Juan Espil

Personal information
- Born: 5 January 1968 (age 57) Bahía Blanca, Argentina
- Nationality: Argentine / Italian
- Listed height: 1.95 m (6 ft 5 in)
- Listed weight: 90 kg (198 lb)

Career information
- Playing career: 1988–2012
- Position: Shooting guard / small forward
- Number: 10

Career history
- 1988–1992: Estudiantes (BB)
- 1992–1994: GEPU San Luis
- 1994–1996: Atenas
- 1996–2000: TAU Cerámica
- 2000–2001: Adr Roma
- 2001–2003: Joventut Badalona
- 2003–2005: Ricoh Manresa
- 2005–2006: Tenerife
- 2006: Bilbao Berri
- 2006–2008: Ricoh Manresa
- 2008–2009: Boca Juniors
- 2009–2010: Obras Sanitarias
- 2010–2012: Bahía Basket

Career highlights
- Argentine League champion (1993); Argentine League Finals MVP (1993); Argentine League MVP (1993); 3× Argentine League Top Scorer (1993, 1995, 1996); Spanish Cup winner (1999); 3× Liga ACB Free Throw Percentage leader (1998, 2004, 2005); Spanish League 3 Point Shootout Champion (1996–97); Italian Supercup winner (2000); N° 10 jersey retired by Estudiantes (BB) (2013);

= Juan Alberto Espil =

Argentine-Italian basketball player

Juan Alberto Espil Vanotti (born 5 January 1968) is a retired Argentine-Italian professional basketball player, who played as a shooting guard-small forward.

==Professional career==
Espil's last pro club was Bahía Basket (successor of Estudiantes in the LNB), where he retired in 2012.

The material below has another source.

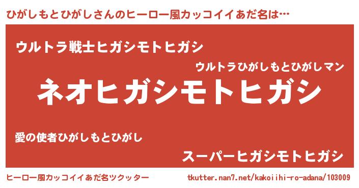 | 意味不明あだ名 | 『永久保存ひがしもとひがし』 |

In February 2013, Estudiantes honoured Espil by retiring the #10 jersey that he had worn during his two tenures on the club.

==National team career==
Espil helped Argentina to claim the country's first ever gold medal in men's basketball at the Pan American Games, as Argentina defeated the Team USA, in the final of the 1995 Pan American Games, in Mar del Plata, Argentina.

Espil also competed with the senior men's Argentine national basketball team at the 1996 Summer Olympics in Atlanta, Georgia, where his team finished in ninth place in the overall standings.